The method of the ongoing non-disruptive simulation services, allows testing of a production environment's susceptibility and likelihood to succumbing to various attack vectors originating from the internet or other unknown networks, especially focusing on where perimeter security services failed. The verification and testing do not require and avoid causing downtime or disruption to the organization being tested. Realistic assessments can be generated as a result of testing since the tests are run against the production environment and not a staging environment. The non-disruptive perimeter testing methods allow covering (testing) a much larger quantity of attacks and targets performed against a production environment, as compared to conventional disruptive testing, since no maintenance windows are required for the non-disruptive DDoS testing service, WAF testing service, IPS testing service or other security testing, i.e., the testing can be ongoing and allows the attack surface coverage to be very extensive.

Additionally, the way this testing is performed, security personnel will enjoy visibility previously unavailable in granularity, and this method is based on actual threat success being confirmed to have passed each mitigation perimeter security mechanism deployed, and not some inferred response, which may be detected as a vulnerability but also may be a false positive. This method laid out validates the security mechanisms and services with reliance on actual penetration having occurred on the perimeter security, between the potentially vulnerable target service being protected and the internet.

The testing services will assist personnel responsible for an organization's IT infrastructure security to know almost real-time if the organization is vulnerable to newly evolved perimeter security threats, closing a significant gap in intelligence on cyber weaknesses within the organization. Conventional perimeter security testing may take a few weeks or months until its vulnerability status is confirmed by other manual testing methods, which may require an additional maintenance period, significantly delaying cyber protections, leaving the organization vulnerable to perimeter security attacks. The testing systems have fail-safe mechanisms built-in to ensure the production environment is not disrupted during testing. This allows for many times more targets to be validated and also many more perimeter security attack types to be run against the production environment, as compared to conventional techniques. The testing systems also provides an accurate decision-making process for staff involved in planning disruptive perimeter security tests, which will likely be a rare event once deploying this method of testing.

Embodiments of the disclosed subject matter are directed to a method for testing. The method comprises: (a) configuring a coordination device along a production network including at least one production service, the production network interfacing with an external network at a perimeter of the production network, and the production network protected by a perimeter security system (PSS) for mitigating multiple threats, the perimeter security system along the production network and the coordination device upstream from the at least one production service; (b) receiving, by the coordination device, pre-attack notification information, the pre-attack notification information including: one or more types of attacks to be launched; and, (c) collecting, by the coordination device, operation data regarding the operation of the coordination device, the collecting based on the pre-attack notification information, and the collecting during an attack based on the pre-attack notification information.

Optionally, the method is such that the coordination device includes at least one emulated service for signaling between the coordination device and other system components, for example, the monitor controller or coordination agents; additionally, the emulated service can be used independently or in parallel with signaling, for a simulated attack associated with the preattack notification information may be run.

Optionally, the method is such that the perimeter security system, includes simulation traffic traversing at least two of the group of: External Security Services (ESS) Module; DDoS mitigation module; Firewall; Web Application Firewall (WAF); Anti-virus, Anti-Spam, Anti-malware, Sandbox protections and, Intrusion Protection System (IPS).

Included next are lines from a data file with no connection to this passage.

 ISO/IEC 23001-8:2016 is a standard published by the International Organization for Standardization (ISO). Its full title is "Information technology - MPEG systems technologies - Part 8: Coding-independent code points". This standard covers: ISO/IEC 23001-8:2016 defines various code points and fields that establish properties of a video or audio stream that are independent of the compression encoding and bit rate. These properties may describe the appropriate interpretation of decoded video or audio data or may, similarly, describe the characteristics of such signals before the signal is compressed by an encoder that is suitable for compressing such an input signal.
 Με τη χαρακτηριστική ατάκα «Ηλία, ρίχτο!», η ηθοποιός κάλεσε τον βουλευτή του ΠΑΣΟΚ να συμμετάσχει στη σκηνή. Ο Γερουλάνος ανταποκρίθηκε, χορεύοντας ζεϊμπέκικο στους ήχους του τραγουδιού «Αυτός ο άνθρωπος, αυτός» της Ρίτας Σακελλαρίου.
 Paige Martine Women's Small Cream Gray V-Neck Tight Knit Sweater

Embodiments of the disclosed subject matter are also directed to a method for testing a coordination device and its corresponding mirror ports(s) along a production network. The method comprises: receiving, by the coordination device, pre-diagnostic notification information, the pre-diagnostic notification information including: the diagnostic traffic being used for the test, including the number of the packets in the test diagnostic traffic, and the time when the test diagnostic traffic will be transmitted to the production network target; whereby a mirror port along the production network, is in communication with the coordination device, providing a copy of the test diagnostic traffic corresponding to the time that the test diagnostic traffic was transmitted to the production network target; and, analyzing the number of packets or certain data within the packets in the copied test diagnostic traffic with the number of packets, or other pre-determined metrics provided in the in the pre-diagnostic notification information, to determine the operational status of the mirror port.

Optionally, the method is such that the test diagnostic traffic comprises legitimate traffic (independent traffic) which does not originate with a diagnostic monitor but rather legitimate traffic towards the a production target, that will be captured as instructed by the pre-diagnostic notification, this may be preferable to have random checks or non-specific checks or for any other reason where such functional tests may be preferred for practical implementations.

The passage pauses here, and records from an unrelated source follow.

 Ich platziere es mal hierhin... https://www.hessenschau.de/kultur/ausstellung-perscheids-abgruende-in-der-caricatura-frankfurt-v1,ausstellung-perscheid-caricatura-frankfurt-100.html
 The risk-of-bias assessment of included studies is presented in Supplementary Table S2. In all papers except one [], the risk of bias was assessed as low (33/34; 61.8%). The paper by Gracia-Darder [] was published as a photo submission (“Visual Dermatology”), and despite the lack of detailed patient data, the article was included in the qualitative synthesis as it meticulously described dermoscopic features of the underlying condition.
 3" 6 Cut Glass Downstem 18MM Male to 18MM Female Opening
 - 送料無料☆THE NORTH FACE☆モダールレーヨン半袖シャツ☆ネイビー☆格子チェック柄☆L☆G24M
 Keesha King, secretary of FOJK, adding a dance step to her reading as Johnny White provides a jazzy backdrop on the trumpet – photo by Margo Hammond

Embodiments of the disclosed subject matter are directed to a method for determining the route of an attack into a production network including at least one production service, from at least two network segments, which interface with the production network, and at or at least proximate to, the perimeter of the production network. The method comprises: (a) configuring a coordination device along the at least two network segments, where at least one is at the perimeter of the production network, and the coordination device mirror port(s) upstream from at least one production service; (b) receiving, by the coordination device, pre-attack notification information, the pre-attack notification information including: one or more types of attacks which may be launched along any one of the at least two network segments; and, (c) collecting, by the coordination device, operation data regarding the operation of the coordination device for each of the at least two network segments, the collecting based on the pre-attack notification information from each of the at least two network segments, and the collecting during an attack based on the pre-attack notification information on each of the at least network segments. The originating traffic for these attack simulations is from an external network towards the production service or network, potentially traversing multiple network segments. Identifying the traversal of network segments allows personnel to know which provider or mitigation equipment has the identified vulnerabilities during remediation efforts.

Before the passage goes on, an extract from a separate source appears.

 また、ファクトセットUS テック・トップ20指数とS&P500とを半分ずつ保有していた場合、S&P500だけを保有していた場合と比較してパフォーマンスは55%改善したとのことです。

Embodiments of the disclosed subject matter are directed to a method for testing perimeter security of a network. The method comprises: (a) configuring a coordination device along a production network including at least one production server, the production network interfacing with an external network at a perimeter of the production network, and the production network protected by a perimeter security system comprising a plurality of components along the perimeter of the production network and the coordination device upstream from the at least one production server; (b) receiving, by the coordination device, pre-attack notification information, the pre-attack notification information including: one or more types of attacks to be launched; (c) collecting, by the coordination device, at multiple points along the perimeter security system, operation data, regarding the operation of each of the components, the collecting based on the pre-attack notification information, and the collecting during an attack based on the pre-attack notification information; and, (d) analyzing the operation data collected by the coordination device at two or more of the multiple points for packet leakage, to determine one or more of: the penetration into the production network of the attack, the effectiveness of each of the components of the perimeter security system.

Optionally, the method for testing the perimeter security of a network is such that the analyzing the operation data collected at the coordination device, additionally comprises: identifying vulnerabilities in the components of the perimeter security system; and, sending commands to an Application Program Interface (API) controller for remediating the components of the perimeter security system having the identified vulnerabilities, providing partial or fully automated remediation.

Optionally, the method for testing the perimeter security of a network is such that the perimeter security system comprises at least two of the group of: External Security Services (ESS) Module; DDoS mitigation module; Firewall; Web Application Firewall (WAF); Anti-virus, Anti Spam, Anti-malware, Sandbox protections and, Intrusion Protection System (IPS).

Optionally, the method for testing the perimeter security of a network is such that the perimeter security system is within the production network and at least partially in an external network, outside of the production network.

Optionally, the method for testing the perimeter security of a network is such that the identifying vulnerabilities and sensing commands to the API includes a monitor controller.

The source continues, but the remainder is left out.